=== Aim of the task ===
Everything from the line that contains "2018年6月24日公布的《" to the final line of the data, both ends included, must be set down exactly, apart from the pictures.

=== Raw data ===
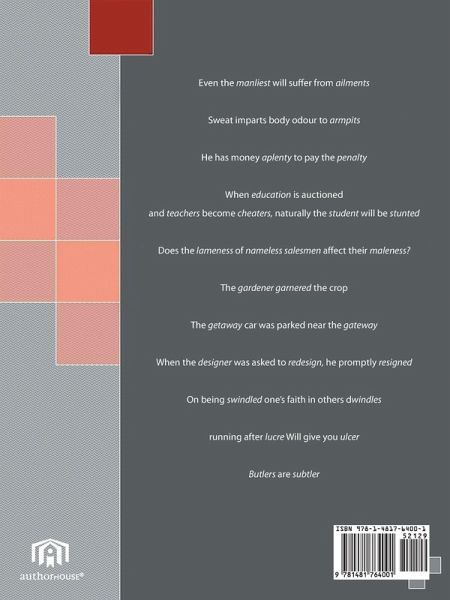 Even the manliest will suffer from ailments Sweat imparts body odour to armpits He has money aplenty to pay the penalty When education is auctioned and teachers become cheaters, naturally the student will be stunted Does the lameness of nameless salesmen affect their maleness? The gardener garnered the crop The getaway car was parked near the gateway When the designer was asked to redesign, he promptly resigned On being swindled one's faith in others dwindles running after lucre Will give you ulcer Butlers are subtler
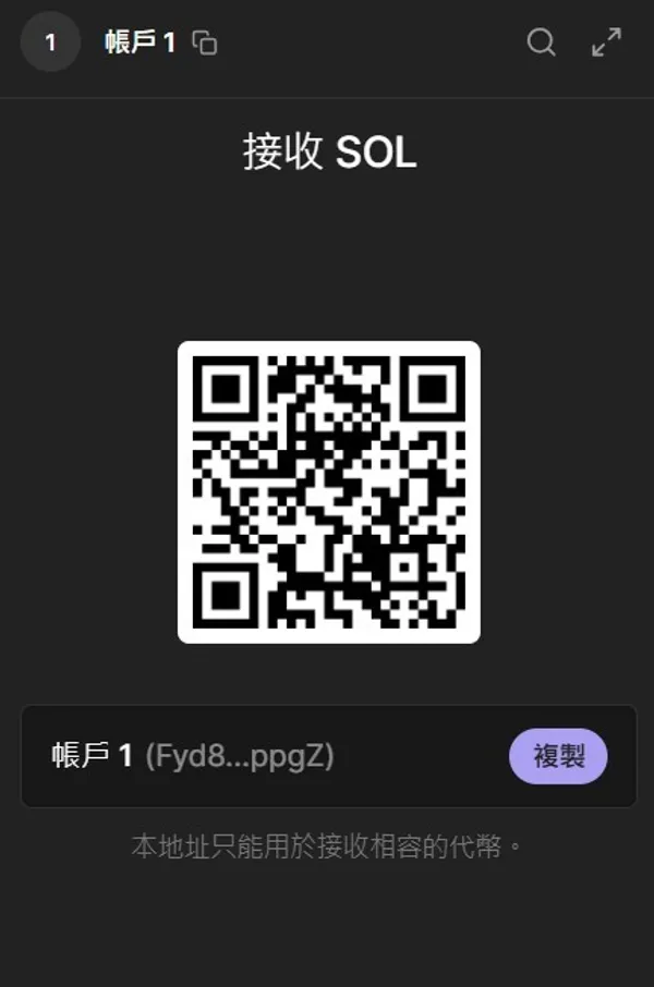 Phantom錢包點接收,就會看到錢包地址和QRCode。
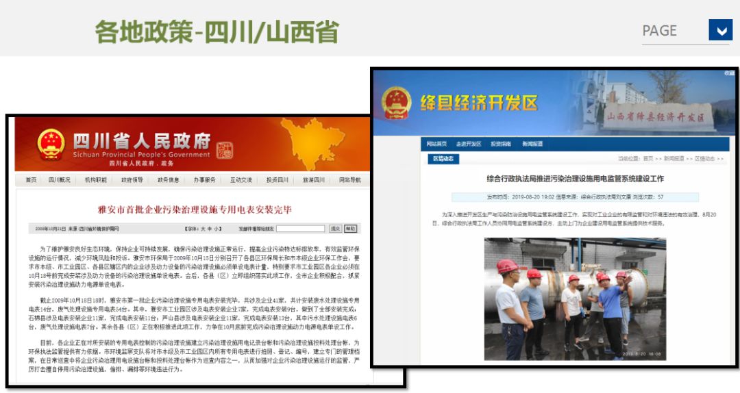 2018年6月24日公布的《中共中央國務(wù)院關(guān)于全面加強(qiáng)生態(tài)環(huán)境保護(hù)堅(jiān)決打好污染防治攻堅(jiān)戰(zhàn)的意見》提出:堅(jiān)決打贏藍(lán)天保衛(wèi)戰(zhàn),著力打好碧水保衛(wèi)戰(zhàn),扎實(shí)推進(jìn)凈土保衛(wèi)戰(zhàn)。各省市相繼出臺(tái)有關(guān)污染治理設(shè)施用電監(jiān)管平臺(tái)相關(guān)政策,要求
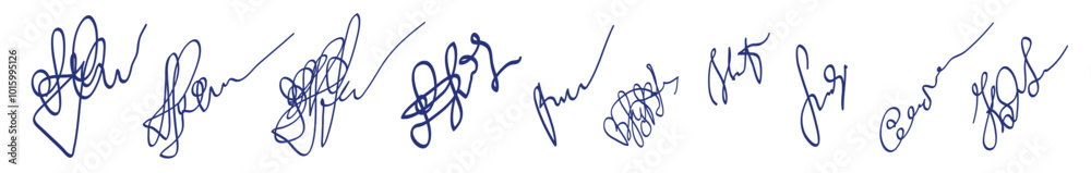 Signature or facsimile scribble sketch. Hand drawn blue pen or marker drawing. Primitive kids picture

=== Exercise result ===
 2018年6月24日公布的《中共中央國務(wù)院關(guān)于全面加強(qiáng)生態(tài)環(huán)境保護(hù)堅(jiān)決打好污染防治攻堅(jiān)戰(zhàn)的意見》提出:堅(jiān)決打贏藍(lán)天保衛(wèi)戰(zhàn),著力打好碧水保衛(wèi)戰(zhàn),扎實(shí)推進(jìn)凈土保衛(wèi)戰(zhàn)。各省市相繼出臺(tái)有關(guān)污染治理設(shè)施用電監(jiān)管平臺(tái)相關(guān)政策,要求
 Signature or facsimile scribble sketch. Hand drawn blue pen or marker drawing. Primitive kids picture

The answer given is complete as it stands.